→ **About this exercise**
Could you output, word for word, only the lines from the line with "[No Brasil] Xiaomi" to the end of the entries, including both ends? Omit the pictures.

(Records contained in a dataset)

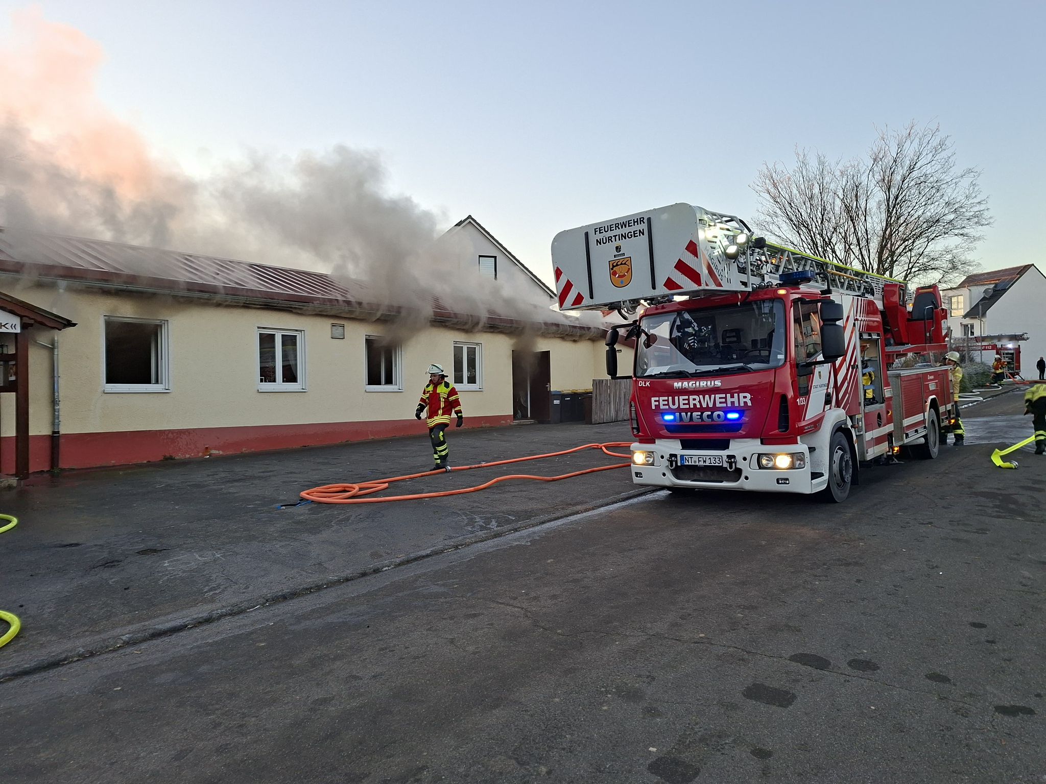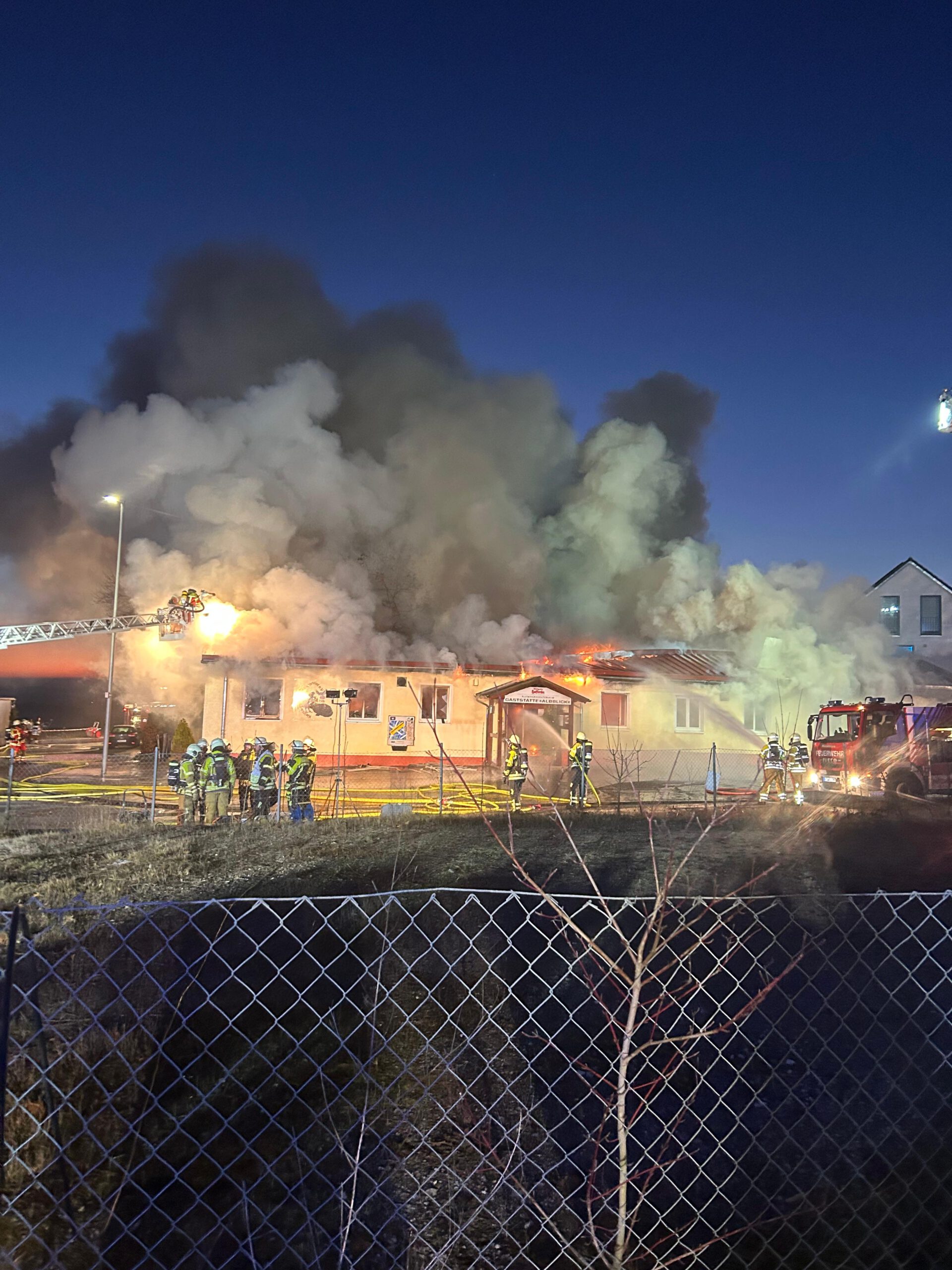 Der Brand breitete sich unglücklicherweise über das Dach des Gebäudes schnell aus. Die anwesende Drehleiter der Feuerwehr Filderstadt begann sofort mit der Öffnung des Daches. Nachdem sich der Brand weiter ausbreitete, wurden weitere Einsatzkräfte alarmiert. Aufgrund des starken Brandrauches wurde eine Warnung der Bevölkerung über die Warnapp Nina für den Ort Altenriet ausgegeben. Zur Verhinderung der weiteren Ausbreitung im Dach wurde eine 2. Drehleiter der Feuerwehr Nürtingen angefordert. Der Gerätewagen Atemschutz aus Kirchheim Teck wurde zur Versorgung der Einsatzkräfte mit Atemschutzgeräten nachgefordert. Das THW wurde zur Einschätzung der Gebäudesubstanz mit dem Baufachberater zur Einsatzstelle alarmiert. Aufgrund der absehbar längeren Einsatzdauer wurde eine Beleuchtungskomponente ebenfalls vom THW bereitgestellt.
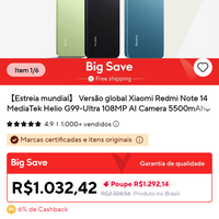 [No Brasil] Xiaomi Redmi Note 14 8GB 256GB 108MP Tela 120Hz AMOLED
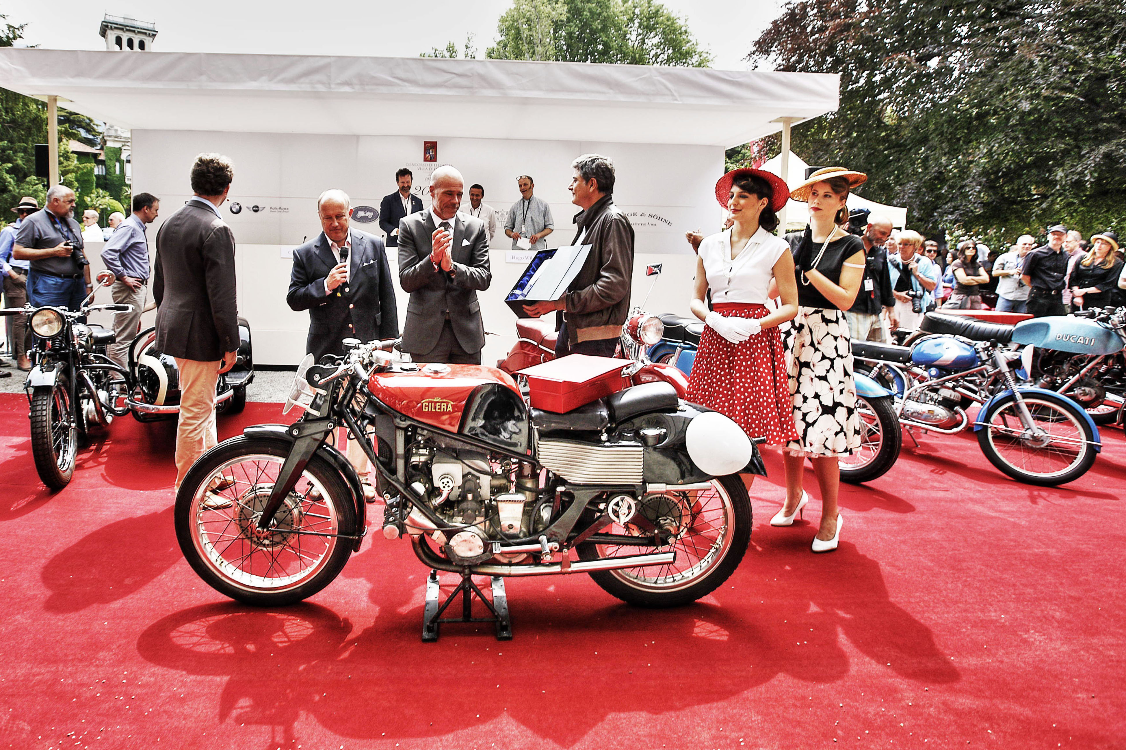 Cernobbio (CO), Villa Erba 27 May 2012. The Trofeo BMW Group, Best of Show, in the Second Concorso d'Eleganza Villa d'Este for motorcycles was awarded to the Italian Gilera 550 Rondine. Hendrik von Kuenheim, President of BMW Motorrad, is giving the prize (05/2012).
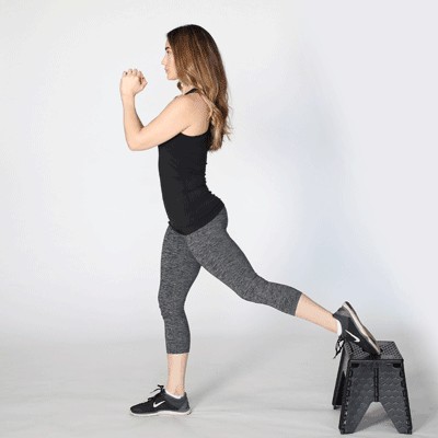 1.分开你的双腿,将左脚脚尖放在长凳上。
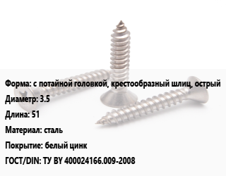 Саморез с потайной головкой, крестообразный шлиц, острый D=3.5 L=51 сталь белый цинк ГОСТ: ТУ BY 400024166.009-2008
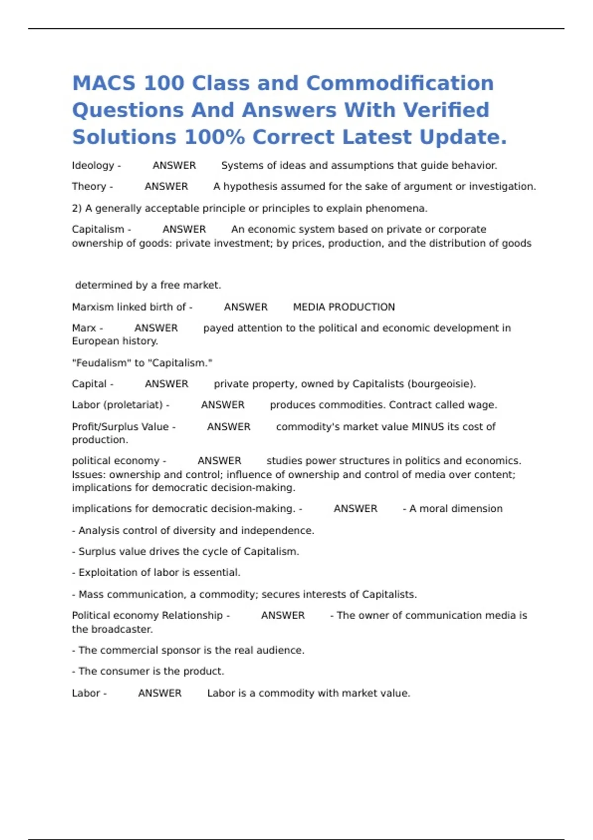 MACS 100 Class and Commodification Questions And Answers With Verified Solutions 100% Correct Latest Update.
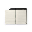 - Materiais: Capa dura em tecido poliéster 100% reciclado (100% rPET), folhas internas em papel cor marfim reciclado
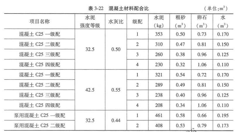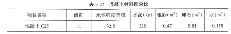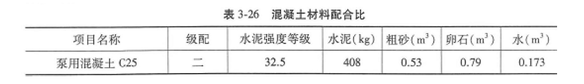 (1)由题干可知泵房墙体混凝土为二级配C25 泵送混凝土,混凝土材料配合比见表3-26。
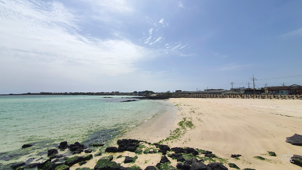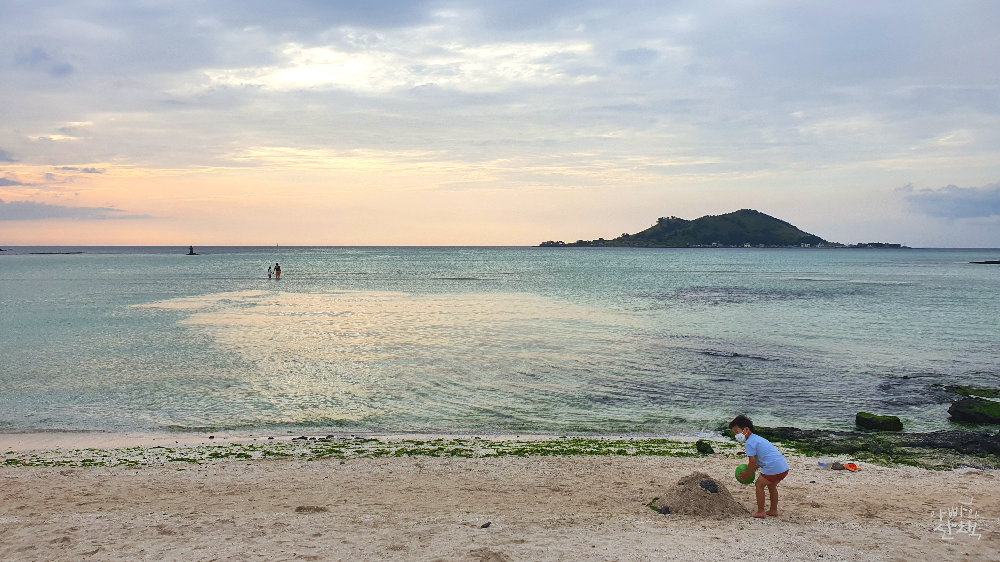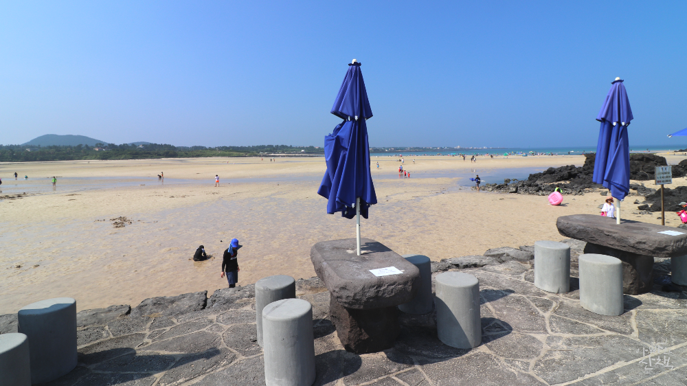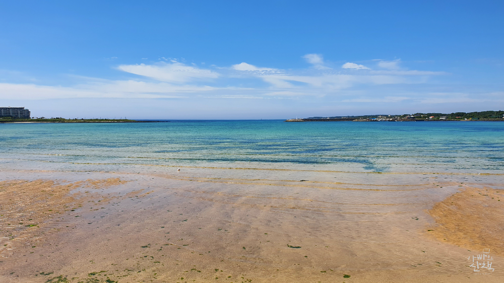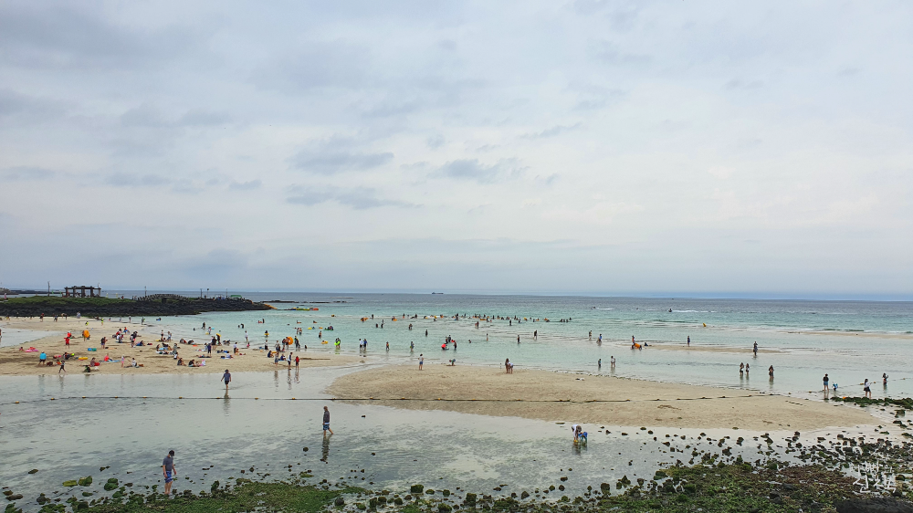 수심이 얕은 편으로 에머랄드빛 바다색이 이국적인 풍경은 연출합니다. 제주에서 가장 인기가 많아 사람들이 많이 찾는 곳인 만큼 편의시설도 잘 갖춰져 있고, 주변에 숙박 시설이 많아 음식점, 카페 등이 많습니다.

→ **Answer to this task**
 [No Brasil] Xiaomi Redmi Note 14 8GB 256GB 108MP Tela 120Hz AMOLED
 Cernobbio (CO), Villa Erba 27 May 2012. The Trofeo BMW Group, Best of Show, in the Second Concorso d'Eleganza Villa d'Este for motorcycles was awarded to the Italian Gilera 550 Rondine. Hendrik von Kuenheim, President of BMW Motorrad, is giving the prize (05/2012).
 1.分开你的双腿,将左脚脚尖放在长凳上。
 Саморез с потайной головкой, крестообразный шлиц, острый D=3.5 L=51 сталь белый цинк ГОСТ: ТУ BY 400024166.009-2008
 MACS 100 Class and Commodification Questions And Answers With Verified Solutions 100% Correct Latest Update.
 - Materiais: Capa dura em tecido poliéster 100% reciclado (100% rPET), folhas internas em papel cor marfim reciclado
 (1)由题干可知泵房墙体混凝土为二级配C25 泵送混凝土,混凝土材料配合比见表3-26。
 수심이 얕은 편으로 에머랄드빛 바다색이 이국적인 풍경은 연출합니다. 제주에서 가장 인기가 많아 사람들이 많이 찾는 곳인 만큼 편의시설도 잘 갖춰져 있고, 주변에 숙박 시설이 많아 음식점, 카페 등이 많습니다.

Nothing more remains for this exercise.